Saved entries
+--

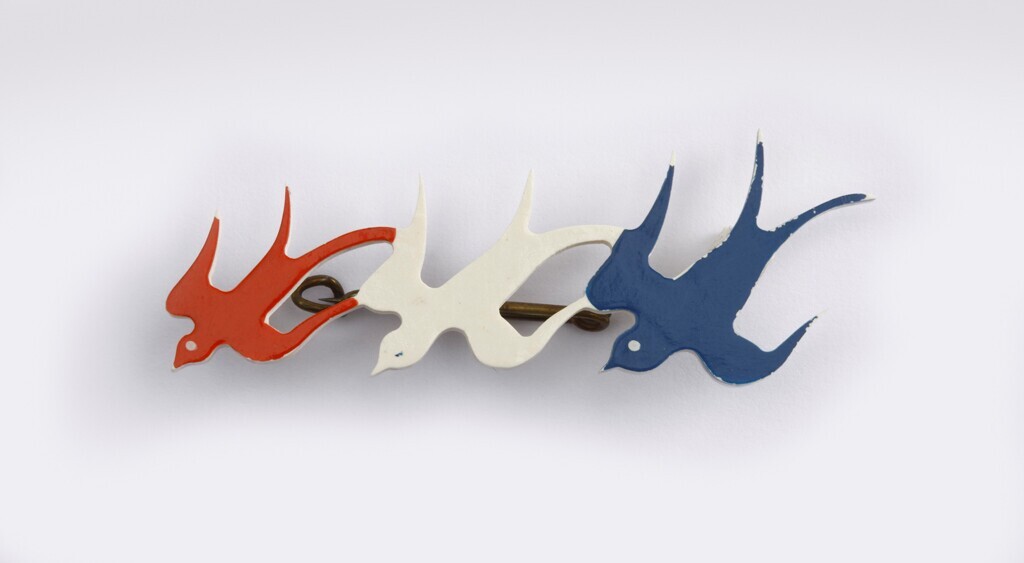 Een broche met drie in hout uitgesneden zwaluwen geverfd in de kleuren van de Nederlandse vlag.
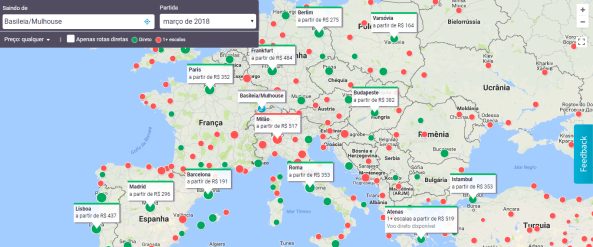 Hoje em dia quase todos fazem isso, mas o Skyscanner tem uma função bem legal onde você escolhe seu destino por um mapa interativo de valores. É bem legal quando você quer visitar lugares próximos mas não sabe muito bem pra onde ir, com esse mapa você consegue visualizar os melhores custo-benefício.
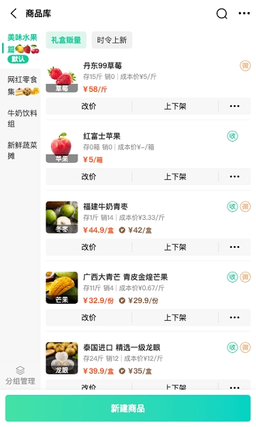 - 可通过移动端随时对商品信息进行调整,涵盖果蔬品类、价格策略以及上下架状态等内容;
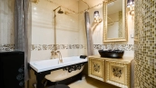 Продуманы различные сценарии освещения — люстры, настенные светильники и споты. Функциональная планировка включает просторную кухню-гостиную с обеденной зоной, мастер-спальню с собственной гардеробной и санузлом, две спальни, гостевой санузел, 2 гардеробные, постирочную и холл. Окна ориентированы на две стороны, открываются виды на город.
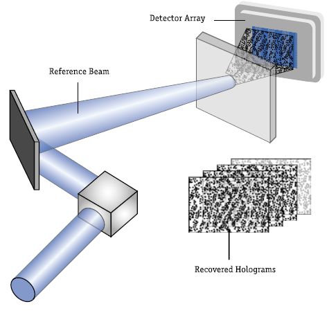 Схема 1. Принцип голографической записи В общих чертах принцип голографической записи InPhase Technologies выглядит достаточно просто (схема 1). Световой поток разделяется на два луча: сигнальный и референсный; сигнальный луч обеспечивает запись данных, референсный остается неизменным. Цифровые данные формируют «образ» сигнального луча при помощи специального устройства — пространственного светового модулятора (Spatial Light Modulator, SLM), который преобразует последовательность нулей и единиц, составляющих страницу данных, в массив черных и белых точек. Грубо говоря, создается подобие решетки, в которой просветы соответствуют очередной порции цифровых данных, а сквозь эту решетку просвечивает сигнальный луч, имеющий на выходе точную копию текущего состояния решетки в SLM. Разумеется, чем больше разрешающая способность пространственного светового модулятора, тем большую порцию данных может запечатлеть сигнальный луч в текущий момент времени, но на сегодня эта способность исчисляется миллионами битов. После преобразования в SLM уже несущий определенную информационную нагрузку сигнальный луч проецируется на физический носитель. В точку проекции направляется и референсный луч, пересекаясь в ней с сигнальным. В этот момент происходит химическая реакция и, как следствие, запись информации на носитель, причем там, где в SLM была непрозрачная точка. Отпечатка на носителе не остается, иначе соответствующая точка «выжигается». Если изменять длину волны референсного луча, угол его наклона или пространственное положение носителя, в один момент времени можно записать множество разных голограмм. Процесс записи данных на поверхности и в глубине носителя назвали мультиплексированием. Кстати, есть несколько способов выполнения мультиплексирования, например при помощи варьирования угла наклона референсного луча. К сожалению, неизвестно, какова степень мультиплексирования и как, например, «толщина» одной записанной голограммы соотносится с толщиной носителя, ведь, если предположить, что один молекулярный или атомарный слой соответствует одной голограмме, это могло бы стать настоящей революцией на рынке хранения данных.
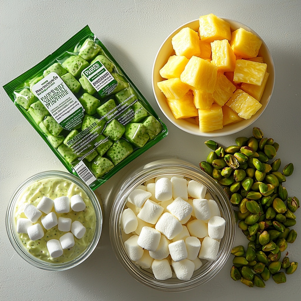 Gathering the right ingredients for the Traditional Watergate Fruit Salad with Pistachios Recipe is simple and straightforward. Each element plays a crucial part in building the dish’s vibrant taste and texture.
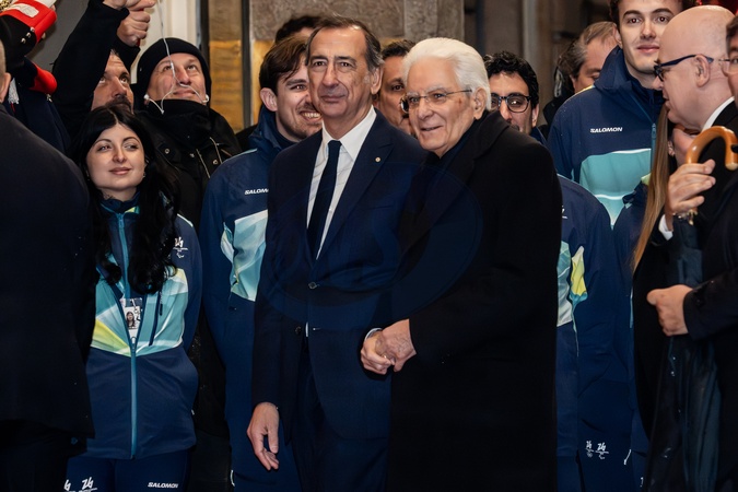 February 2, 2026, Milan. Piazza Scala, Olympic delegations arrive for the opening ceremony of the 145th IOC Session. President Sergio Mattarella with Giuseppe Sala, Mayor of Milan., Credit:Nicola Marfisi / Avalon
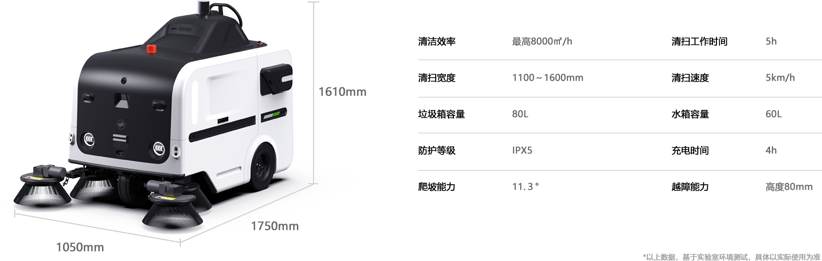 車規(guī)級防雨設(shè)計,自動識別雨天,主動避雨自動開關(guān)垃圾風(fēng)門,靈活清掃各種大小垃圾自動檢測揚塵、噴霧降塵,可調(diào)節(jié)噴水量

+--

### [TASK INSTRUCTIONS]
In the answer, give only the lines from the top of the data above through the line with "Продуманы различные сценарии", reproduced exactly; no picture may appear.

### [RESPONSE BELOW]
 Een broche met drie in hout uitgesneden zwaluwen geverfd in de kleuren van de Nederlandse vlag.
 Hoje em dia quase todos fazem isso, mas o Skyscanner tem uma função bem legal onde você escolhe seu destino por um mapa interativo de valores. É bem legal quando você quer visitar lugares próximos mas não sabe muito bem pra onde ir, com esse mapa você consegue visualizar os melhores custo-benefício.
 - 可通过移动端随时对商品信息进行调整,涵盖果蔬品类、价格策略以及上下架状态等内容;
 Продуманы различные сценарии освещения — люстры, настенные светильники и споты. Функциональная планировка включает просторную кухню-гостиную с обеденной зоной, мастер-спальню с собственной гардеробной и санузлом, две спальни, гостевой санузел, 2 гардеробные, постирочную и холл. Окна ориентированы на две стороны, открываются виды на город.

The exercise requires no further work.